Si le résultat esthétique de ces compressions de coûts de production est discutable, l’efficacité économique est avérée. Grâce aux analyses minéralogiques, pétrographiques et chimiques menées par Gisela Thierrin-Michael, on a pu caractériser cette production très particulière, ce qui a permis de l’identifier à l’œil nu, de la reconnaître par la suite sans analyses et ainsi d’évaluer sa présence, ainsi que son poids économique au sein des corpus abondants de céramique d’usage de l’époque moderne. Le rayon de chalandise est important, des poteries de Bonfol étant attestées soit par les documents soit par le mobilier archéologique dans presque toute la Suisse, dans le sud de l’Allemagne et en France de l’Est. Pour preuve, par exemple, le règlement du marché de la ville de Fribourg (Suisse) qui fait exception pour l’accès à la vente aux potiers de Bonfol, seuls étrangers admis car ils fournissent une marchandise recherchée qui ne peut être produite ailleurs. L’écoulement des produits jusqu’à la clientèle était assuré par des colporteurs et colporteuses se déplaçant parfois par familles entières, et sur les foires des grandes villes, par des marchands. Ce succès ne fait pas de ces modestes artisans des citoyens riches ou reconnus (la mode n’étant pas encore à la reconnaissance sociale par la production, d’ailleurs jusqu’à présent une seule pièce signée est connue, au Musée national suisse).
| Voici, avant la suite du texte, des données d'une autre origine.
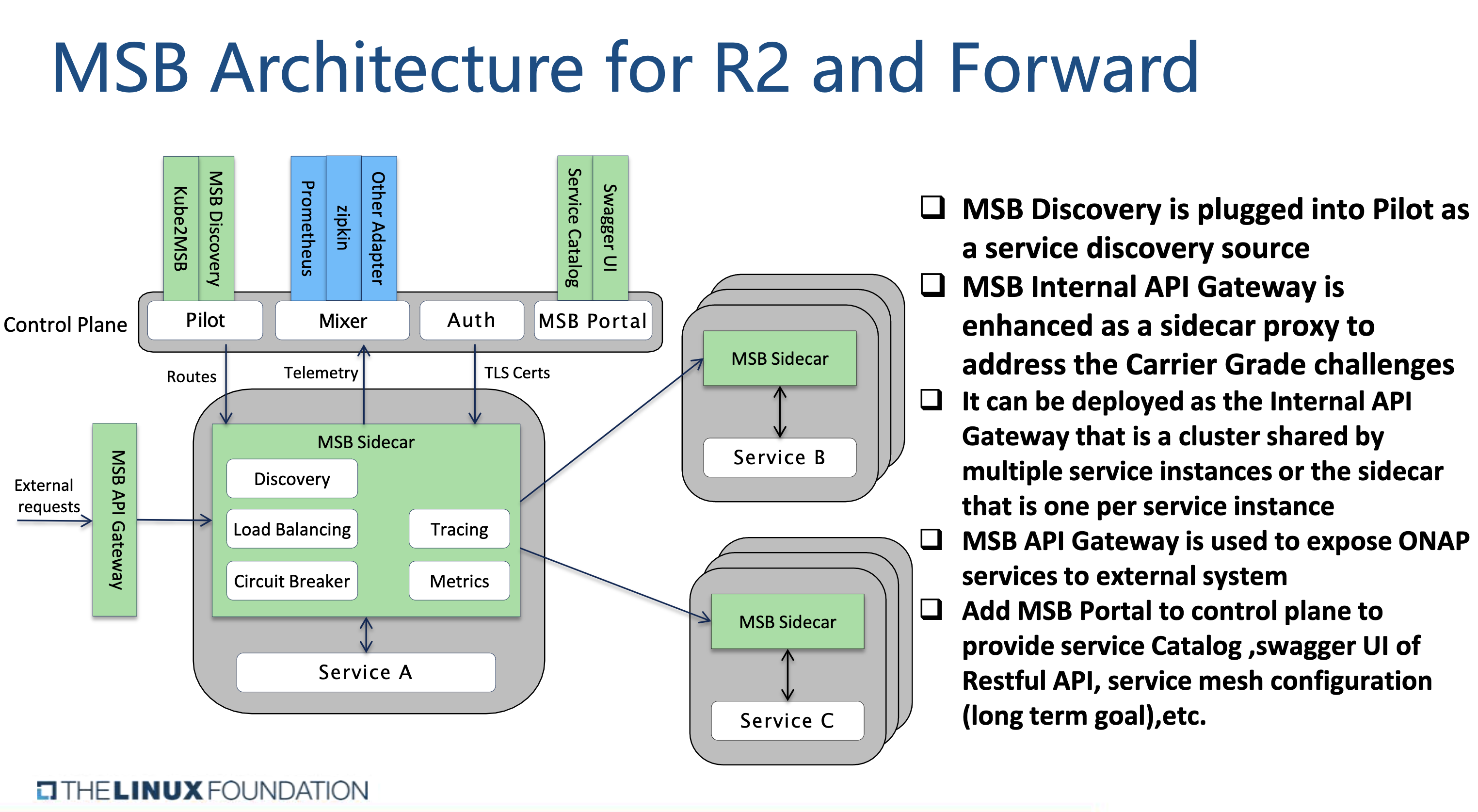 MSB Plan for R2 and Beyond: * Stability and Reliability: Reliable communication with retries and circuit breaker * Security: Secured communication with TLS * Performance: Latency aware load balancing with warm cache * Observability: Metrics measurement and distributed tracing without instrumentingapplication * Manageability: Routing rule and rate limiting enforcement * Testability: Fault injection to test resilienceof ONAP
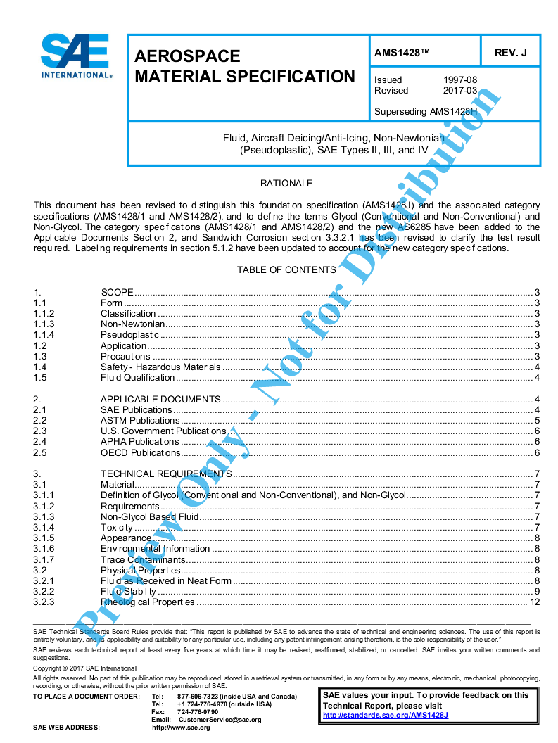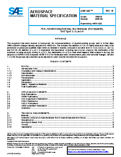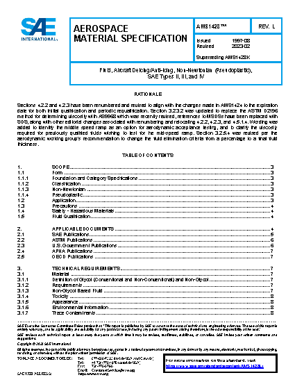 This foundation specification (AMS1428K) and its associated category specifications (AMS1428/1 and AMS1428/2) cover three types of deicing/anti-icing fluids, each in the form of a non-Newtonian fluid.
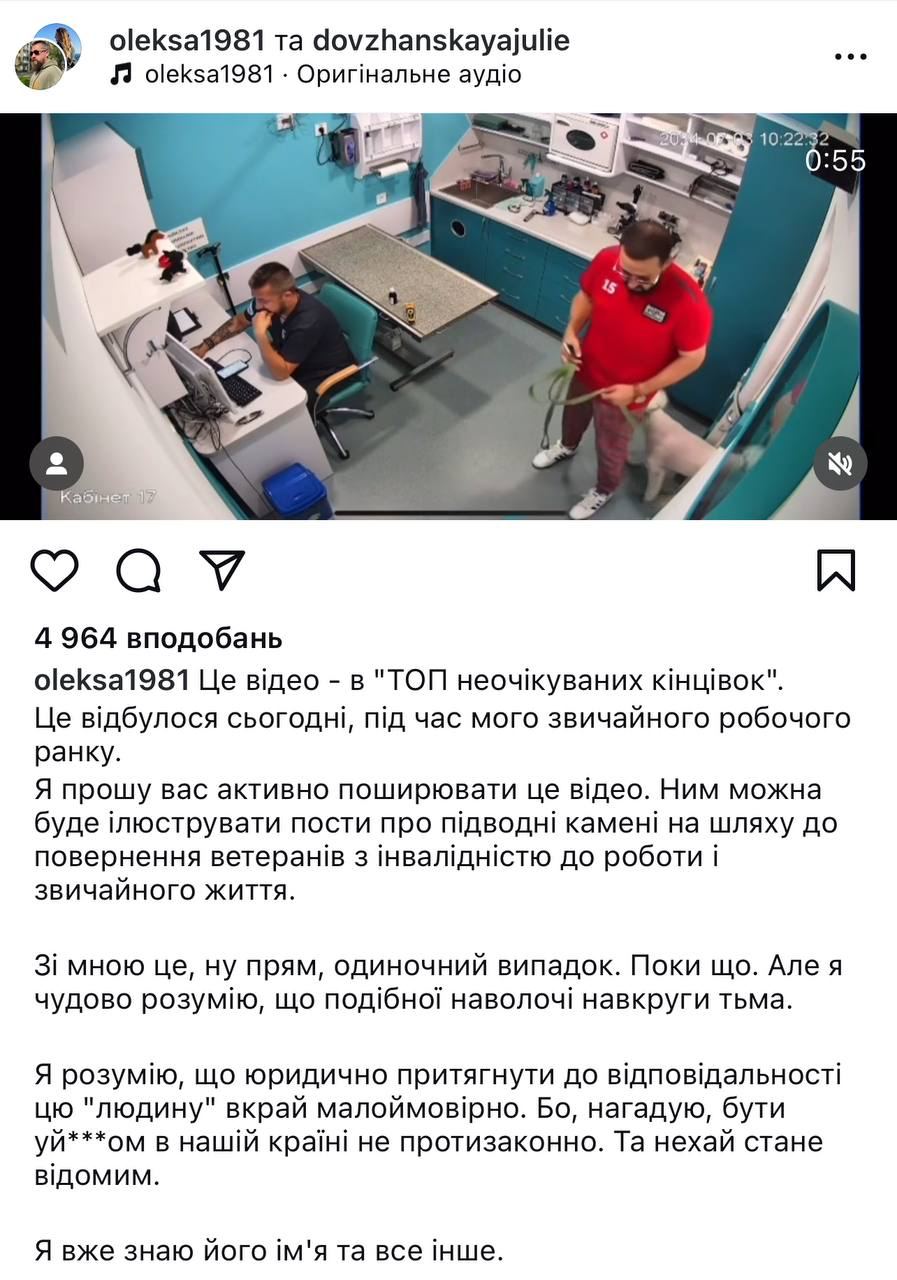 Ветеран войны и ветеринар Алексей Притула опубликовал видео, как мужчина, который привел к нему на прием свою собаку, послал его матом на три буквы, увидев протезы.
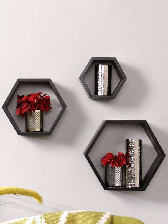- » hexagon shape storage wall shelves set-3 -black
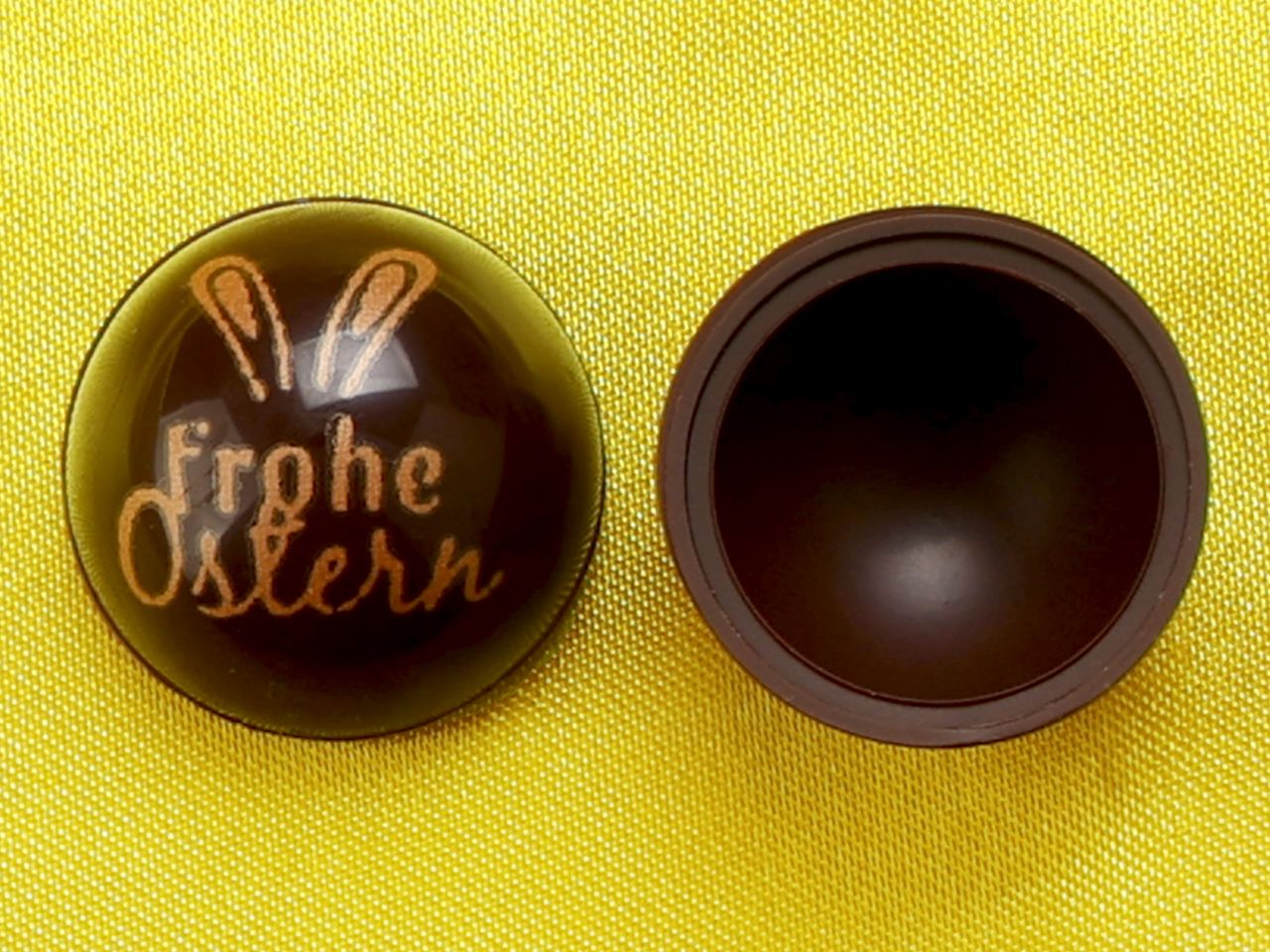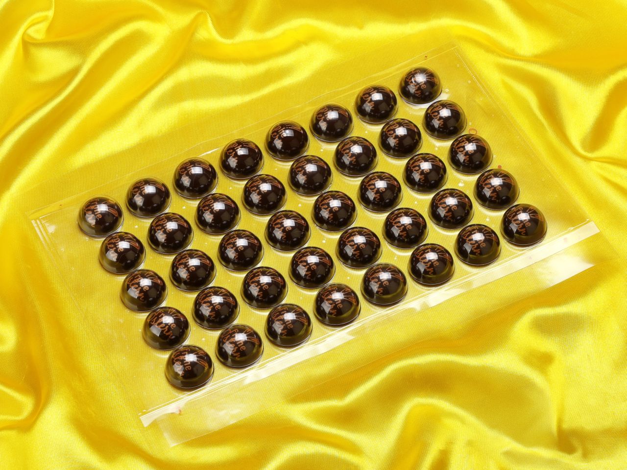 Hemispheres with elaborate printing. You will receive 40 pieces on a foil. Simply fill and use as hemisphere decorations or combine two hemispheres to make a praline.

Leur labeur n’a pas pu enrayer leur pauvreté, ce que montrent à loisir les inventaires après-décès, mais il leur a garanti leur indépendance, ce qui semble avoir eu plus d’importance à leurs yeux.
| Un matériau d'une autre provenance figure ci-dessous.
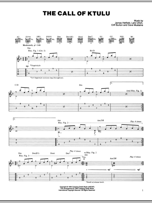 Download or print Metallica The Call Of Ktulu sheet music, chords and digital score arranged for Guitar Tab. This Pop score includes 8 page(s).
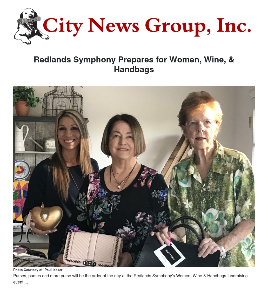 Over-the-shoulder, hobo, evening, and clutch: What do they have in common? These are just a few of the large selection of purses that will be available for sale at the Redlands Symphony Women, Wine & Handbags! fundraiser on Thursday, March 8, 2018. Tickets are $40 per person and include hors d’oeuvres and libations, as well as the right to bid on more than 100 gently used and new designer handbags.
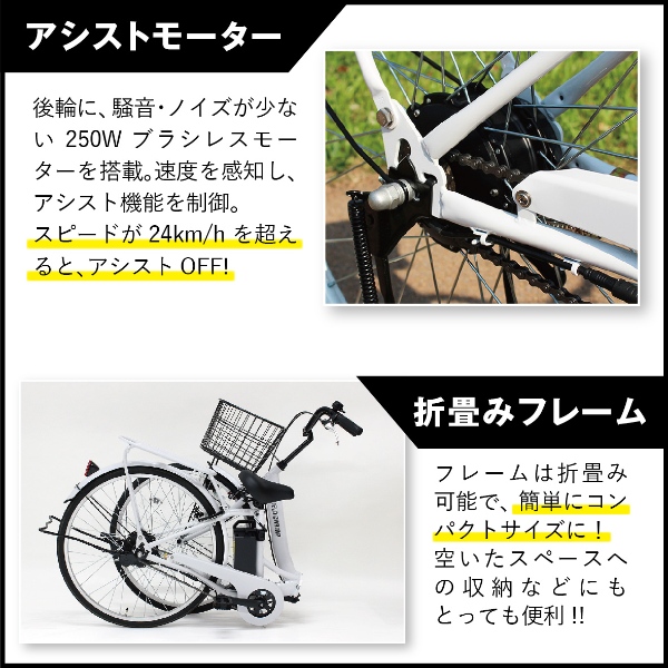 ■サイズ 26インチタイヤ (組立時)約W185×D59×H112cm (折畳時)約W133×D59×H95cm ■サドル地上高さ 約76〜88cm ■商品重量 約25kg ■材質 スチールフレーム ■仕様 アシスト機能・シングルギア・ 折畳みフレーム・カゴ・リアキャリア・バッテリー連動電源スイッチ・LEDライト(バッテリー電源連動)・サークルキー(本体/バッテリー共通キー) ■バッテリー リチウムイオンバッテリー(容量:5.8Ah) 重量:約1.24kg ■モーター ブラシレスモーター(定格出力:250W) ■充電器 電源:AC100V〜240V 充電時間:約3時間30分(PSEマーク) ■走行距離 最大約35km(充電1回分/シングルモード) ※走行距離は、走行条件によって変化します ■付属 バッテリー充電器(スペアキー付) ※お届けの車体は100%完成車ではございません。一部お客様サイドでの簡単な組立がございます。 ※組み立て後に不良の連絡をされても対応ができませんので、組み立て前にパーツに不良・傷等がないか確認を必ずしてくださいますようよろしくお願い申し上げます。 ※記載は商品仕様の一部です。仕様説明不足等の理由での返品はできません。特に適合等は必ずご確認ください。
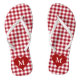 Moderno Monograma Rojo Gingham Check Flip Flops.
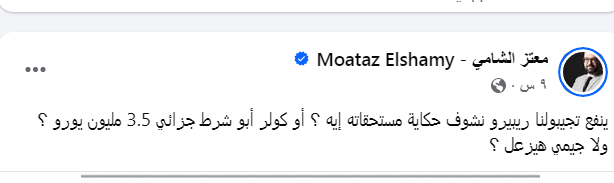 وعبر صفحته الشخصية على مقوع التواصل الاجتماعى فيس بوك كتب معتز الشامي قائلاً معلقاً :
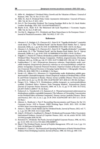 1. Абрамов А. Е., Радыгин А. Д., Чернова М. И., Энтов Р. М. «Загадка дивидендов» и российский рынок акций. Ч. 1 // Вопросы экономики. 2020a. № 1. С. 66-92. https://doi.org/10.32609/0042-8736-2020-1-66-92.
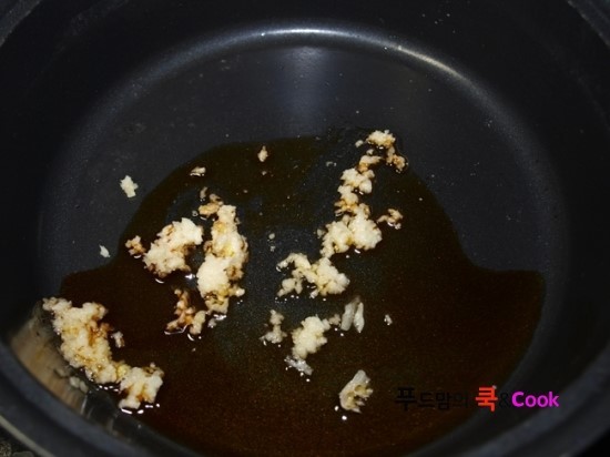 먼저 달군 팬에 다진 마늘과 고추기름 1큰술 식용유 1큰술을 넣고 볶다가

Cruche tripode de Bonfol. Hauteur : 26 cm. Fin 18e-début 19e siècle. Porrentruy-Grand’Fin. Collection Office de la culture de la République et Canton du Jura-Section d’archéologie. Photo : OCC-SAP, Bernard Migy.

Gamme de produits fabriqués

D’une manière générale, la poterie de Bonfol se caractérise par sa couleur brun-ocre chaude résultant de l’application d’une glaçure transparente jaune directement sur une argile cuisant rouge en raison de la présence d’oxyde de fer (jaune + rouge=brun), sans ajout d’un engobe intermédiaire destiné à masquer la couleur de la terre. Les cassures révèlent un dégraissant abondant (entre 20 et 30% du volume), siliceux, dont les plus gros grains dépassent rarement les 2 mm. Ce dégraissant est composé surtout de quartz et de nodules argileux ferrugineux de grande taille et de couleur vive rouge-brun, accessoirement de feldspath potassique, plagioclase, mica ou hornblende, le tout dans une matrice souvent fibreuse..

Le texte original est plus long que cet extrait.